Trichet Loses His Cool at Prospect of Deutsche Mark’s Revival

Trichet Loses His Cool
Jean-Claude Trichet, president of the European Central Bank (ECB), gestures during a news conference at the bank's headquarters in Frankfurt. Photographer: Hannelore Foerster/Bloomberg

Almost 13 years after its demise, the deutsche mark retains enough potency to haunt Jean-Claude Trichet’s final days as European Central Bank president.

Trichet, 68, lost his cool yesterday with a reporter who asked whether Germany should abandon the euro and return to the mark as Europe’s debt crisis roils markets and spooks voters.

“I would like very much to hear the congratulations for an institution which has delivered price stability in Germany for almost 13 years,” Trichet said in Frankfurt in an uncharacteristically raised voice. “It’s not by chance we have delivered price stability,” he said. “We do our job, it’s not an easy job.”

Trichet has been at the forefront of efforts to save the region’s single currency. As Greece’s fiscal crisis ricocheted through European markets, he has spent much of the last two years shuttling back and forth between Frankfurt and national capitals for private meetings and a series of marathon summits.
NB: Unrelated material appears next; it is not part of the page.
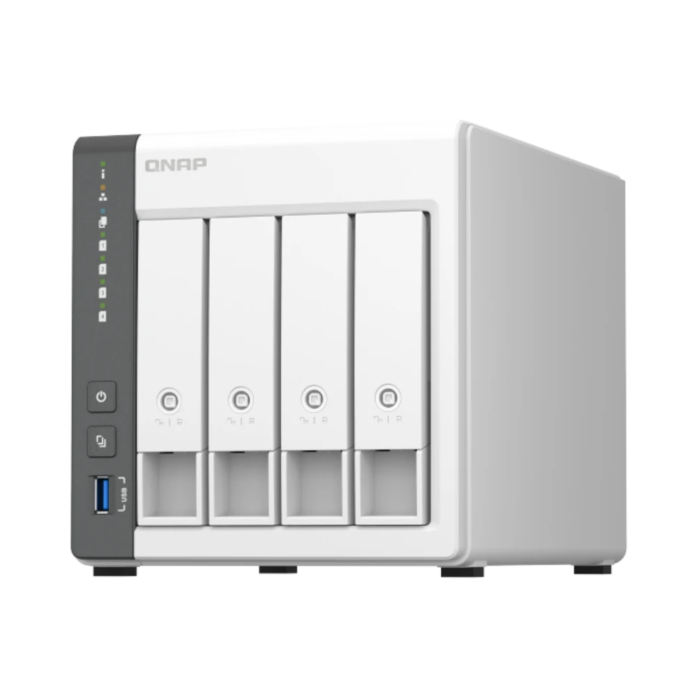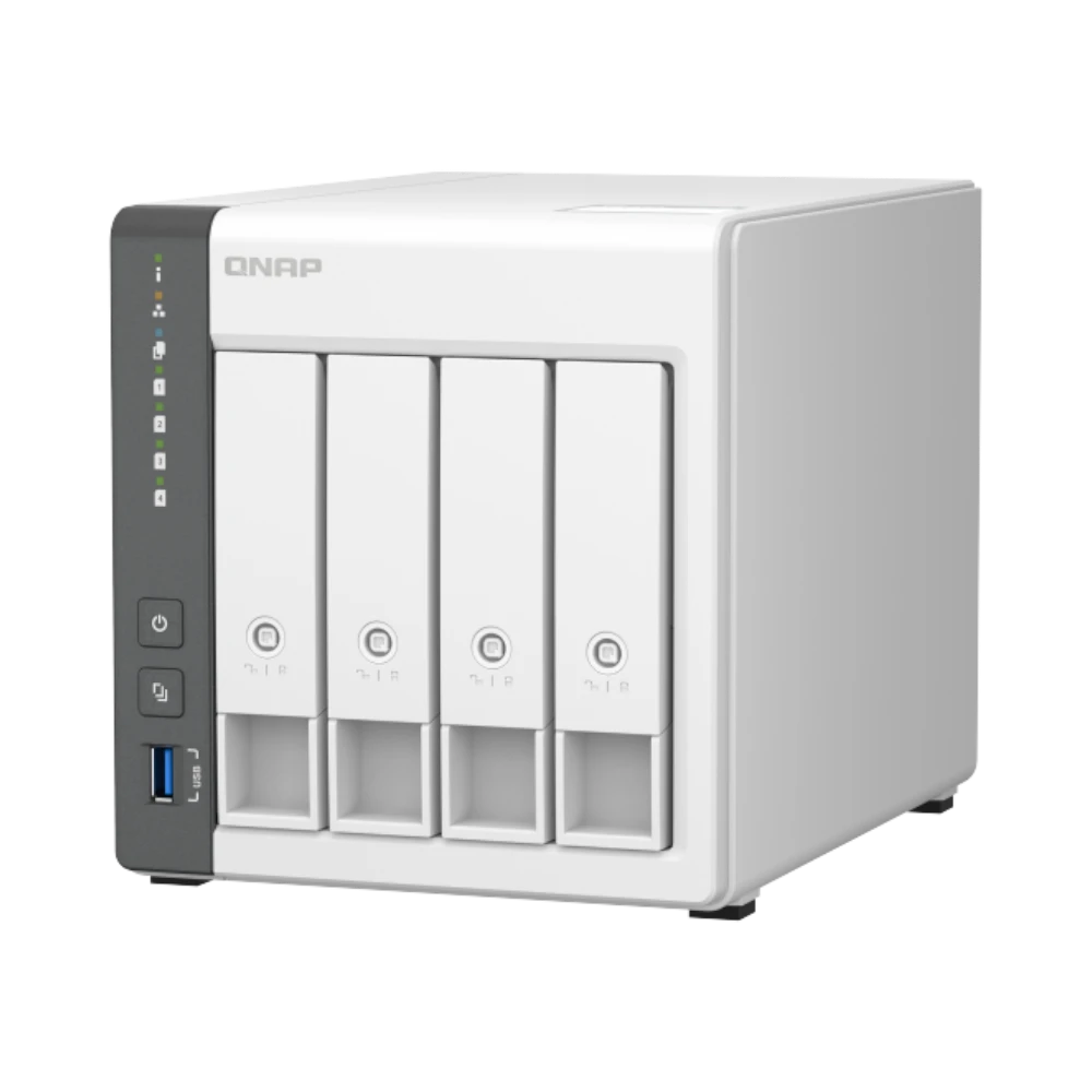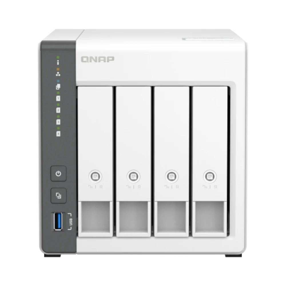 The QNAP TS-433-4G-US is a 4-bay NAS enclosure designed to provide organized and high-speed storage solutions for homes and small offices. Powered by a quad-core 2.0 GHz ARM Cortex-A55 processor and equipped with 4 GB of DDR4 memory, it handles file transfers, backups, and media streaming efficiently. With dual network ports including a 2.5 GbE connection for demanding tasks and a 1 GbE port for everyday use, this NAS supports versatile networking needs. It accommodates up to four SATA III drives, allowing flexible storage configurations from simple media libraries to robust RAID arrays for critical data protection.
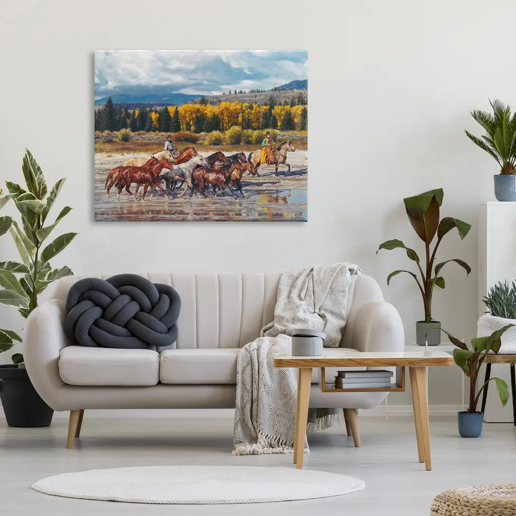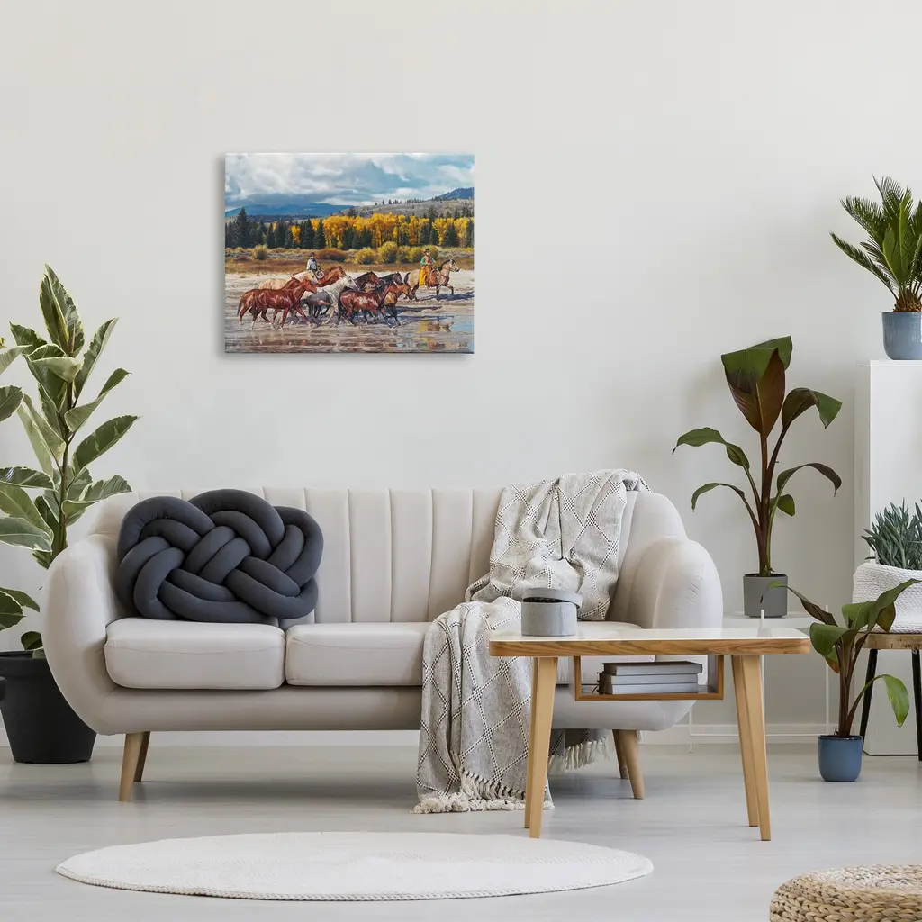 Stupell Cowboys Galloping River Landscape Canvas Wall Art By David Graham - 30 X 24

The Frenchman, whose eight-year term ends Oct. 31., oversaw decisions to cut interest rates to a record low and provide banks with unlimited liquidity. He also took the unprecedented step of buying the bonds of countries including Ireland, Spain and Italy to lower yields. As the ECB’s involvement in crisis fighting increased, Trichet has criticized governments for not doing enough.

German Poll

“I’ve never seen Mr. Trichet get so angry before,” said Nick Kounis, head of macro research at ABN Amro in Amsterdam. “Trichet underlined to the German public that the ECB is still a trustworthy institution, as the question was punching hard against that view.”

While the ECB has managed to keep inflation in the 17-nation region just below 2 percent since 1999, 37 percent of Germans said the country would be better off if it reintroduced the mark, according to an Emnid survey for broadcaster N24, published on Aug. 18. The same proportion said the country is better off with the euro, while another 19 percent said that a return to the mark wouldn’t change anything, the poll showed.

The ECB left its benchmark interest rate unchanged at 1.5 percent yesterday after its monthly meeting and the press conference was Trichet’s second last before he is succeeded by Italy’s Mario Draghi.

He ended his six-minute response to the deutsche mark question with a smile.

“Thank you for your excellent question, which was very stimulating,” he said.